Chinese coins cast in brass with a square hole in the middle have an extremely long history, and played a pivotal role in the rise and development of Chinese commerce and culture. During the time of the early construction of the Great Wall of China and the reign of the first Emperor of China around 220 BCE, Chinese coinage was standardized to allow for easy commerce and trade through the vast new empire.
Further standardization was introduced in 621 CE with the creation of the “cash” currency denomination (Chinese: 文; pinyin: wén). Production of this style of coin would continue for more than 2200 years until after the end of the Chinese empire in 1911.
Coins of the Northern Song Dynasty (960 to 1127CE) were produced during a time of relative stability in China, with significant economic and cultural growth. With an ample supply of hard currency, trade flourished and there was a wide exchange of ideas and technology. One of the most important developments during this time was the introduction of wood block printing, allowing ideas to be shared widely across the empire.
With just one relatively low value denomination forming the main basis of commerce, making large purchases could prove challenging. However, a simple solution was found to solve this problem. Using the hole in the center of the coins, standard quantities of 100, 500 or 1000 coins could be strung together to form new larger trading units. In this way, large purchases could be completed even without using silver or gold coinage.
Methods used to produce large quantities of cash coins were both simple and ingenious, and markedly different from the struck coins produced in other parts of the world.
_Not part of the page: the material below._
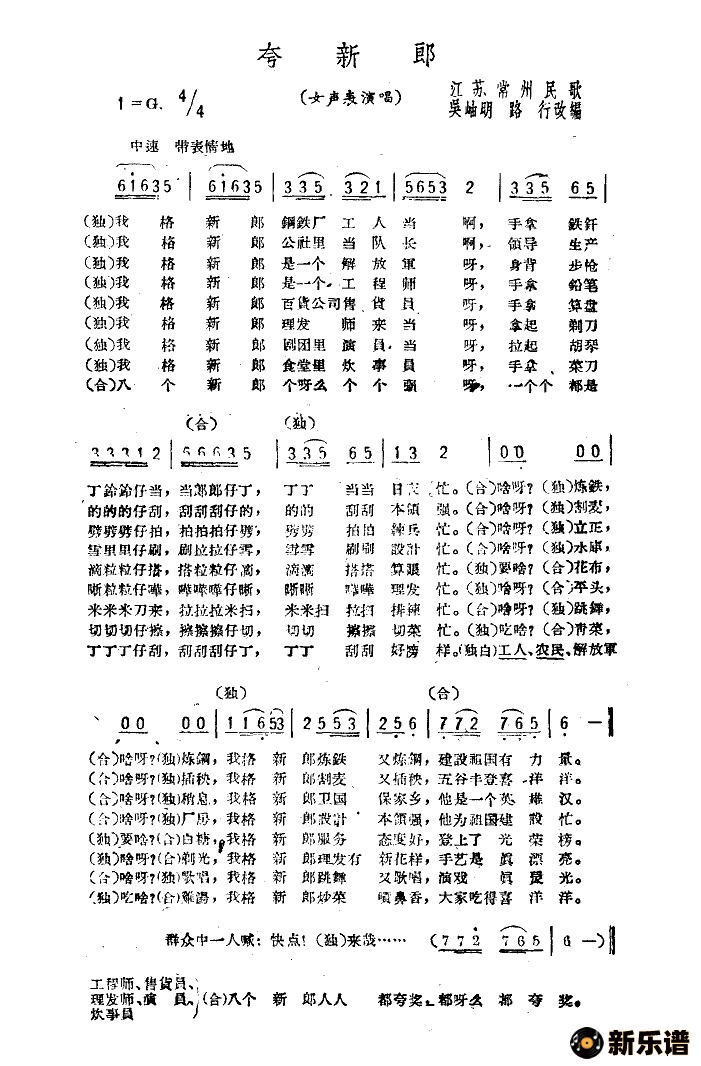 演唱的夸新郎(江苏民歌)歌词,夸新郎(江苏民歌)简谱.

Chinese cash coins were cast using a frame filled with moist fine sand, often dusted with fine charcoal dust. Rods would first be impressed into the mould in the shape of a tree trunk with multiple branches. Carefully engraved “mother coins” or “seed coins” would then be impressed into the bottom half of the mould along the main “branches”, completing the shape of the tree. The top of the mould could then be closed tight to impress the second side of the coin. The seed coins and rods were then removed, and molten metal poured into the mould to fill the impressions. This produced a connected tree of coins, which were then broken off, filed or smoothed, and then put onto strings ready for circulation. This method of production accounts for the typical grainy surface of most cash coins.
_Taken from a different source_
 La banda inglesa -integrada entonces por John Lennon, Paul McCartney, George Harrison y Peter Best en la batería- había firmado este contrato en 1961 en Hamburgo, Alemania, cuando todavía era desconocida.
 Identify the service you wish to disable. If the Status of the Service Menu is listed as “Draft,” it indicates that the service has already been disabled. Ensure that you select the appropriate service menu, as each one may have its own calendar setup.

Chinese cash coins of the Northern Song dynasty use four characters on the front of the coin. These characters represent the name of the dynasty, the name of the emperor, where the coins was produced (mint mark), and the denomination.
Today, surviving cash coins dating from ancient to modern times provide collectors with a tangible link to the history of China and a unique opportunity to hold money used in long past eras. They can also be used as talismans to invite luck and wealth into the home.